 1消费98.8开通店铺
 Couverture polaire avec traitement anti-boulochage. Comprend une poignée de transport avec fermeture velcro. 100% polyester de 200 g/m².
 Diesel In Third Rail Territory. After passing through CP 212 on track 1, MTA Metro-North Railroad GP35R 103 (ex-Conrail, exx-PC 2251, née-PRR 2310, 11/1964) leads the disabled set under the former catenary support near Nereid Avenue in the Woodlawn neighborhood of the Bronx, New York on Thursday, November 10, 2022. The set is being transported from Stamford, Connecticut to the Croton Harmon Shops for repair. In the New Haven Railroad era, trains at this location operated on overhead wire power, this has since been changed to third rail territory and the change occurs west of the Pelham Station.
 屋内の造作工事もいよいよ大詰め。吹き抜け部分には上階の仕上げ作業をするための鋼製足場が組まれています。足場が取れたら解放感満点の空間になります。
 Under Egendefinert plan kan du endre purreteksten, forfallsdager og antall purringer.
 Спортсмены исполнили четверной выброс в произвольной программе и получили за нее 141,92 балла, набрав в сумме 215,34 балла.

■ ABOUT THIS TASK ■
Each line of the records, from the opening one through the line holding "Couverture polaire avec", should be restated word for word, with nothing else in the answer.

■ EXERCISE RESULT ■
 1消费98.8开通店铺
 Couverture polaire avec traitement anti-boulochage. Comprend une poignée de transport avec fermeture velcro. 100% polyester de 200 g/m².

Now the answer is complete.